The securities offered in the Offering have not been, and will not be, registered under the U.S. Securities Act or any U.S. state securities laws, and may not be offered or sold in the United States or to, or for the account or benefit of, United States persons absent registration or any applicable exemption from the registration requirements of the U.S. Securities Act and applicable U.S. state securities laws. This press release shall not constitute an offer to sell or the solicitation of an offer to buy securities in the United States, nor will there be any sale of these securities in any jurisdiction in which such offer, solicitation or sale would be unlawful.
Emblem is licensed under the Access to Cannabis for Medical Purposes Regulations (the “ACMPR”) to cultivate and sell medical cannabis. Emblem carries out its principal activities producing cannabis from its facilities in Paris, Ontario pursuant to the provisions of the ACMPR and the Controlled Drugs and Substances Act (Canada) and its regulations.

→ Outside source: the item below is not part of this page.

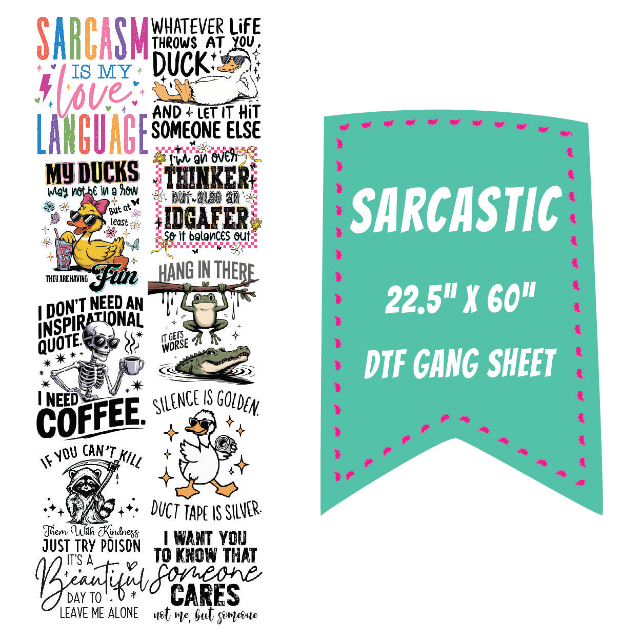 The Sarcastic DTF Gang Sheet measures 22.5x60", providing ample space to create multiple vibrant, detailed transfers at once. Perfect for adding a sharp, witty touch to your apparel, this sheet delivers consistent, high-quality prints that stand out. Streamline your production while making a bold statement with every design—ideal for anyone looking to combine humor and professionalism in their custom creations.
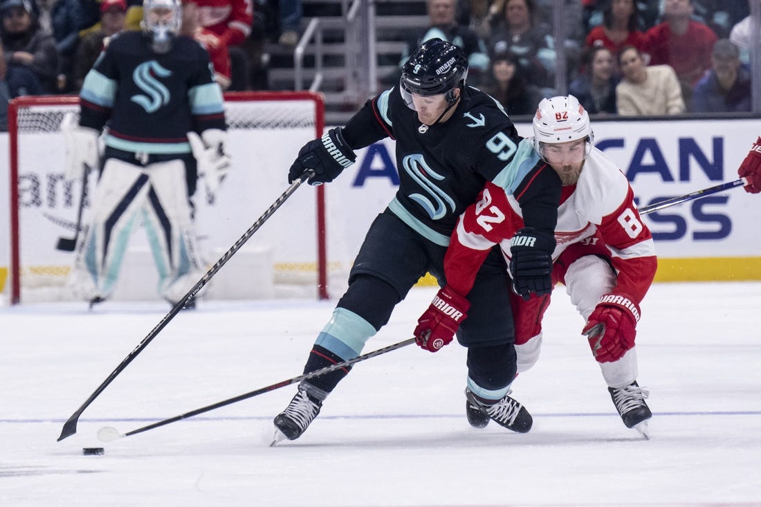 Seattle extended its lead at 19:52 of the second on a four-on-four situation with skaters from both teams in the penalty box. Eberle tracked down a loose puck behind the Detroit net and fed Beniers on the right wing. The rookie quickly made a centering pass to Oleksiak, a defenseman who had joined the rush, and he tipped the puck past Husso.

This news release may contain “forward-looking information” and “forward-looking statements” within the meaning of applicable Canadian securities legislation, including, without limitation, statements regarding the use of proceeds from the Offering and the future results of operations, performance and achievements of the Company. All information contained herein that is not clearly historical in nature may constitute forward-looking information. Forward-looking statements are necessarily based upon a number of estimates and assumptions that, while considered reasonable by management, are inherently subject to significant business, economic and competitive risks, uncertainties and contingencies that may cause actual financial results, performance or achievements to be materially different from the estimated future results, performance or achievements expressed or implied by those forward-looking statements and the forward-looking statements are not guarantees of future performance. Except as required by law, the Company disclaims any obligation to update or revise any forward-looking statements. Readers are cautioned not to put undue reliance on these forward-looking statements. This news release contains information obtained by the Company from third parties and believes such information to be accurate but has not independently verified such information.
Neither the TSX Venture Exchange nor its Regulation Services Provider (as that term is defined in the policies of the TSX Venture Exchange) accepts responsibility for the adequacy or accuracy of this release.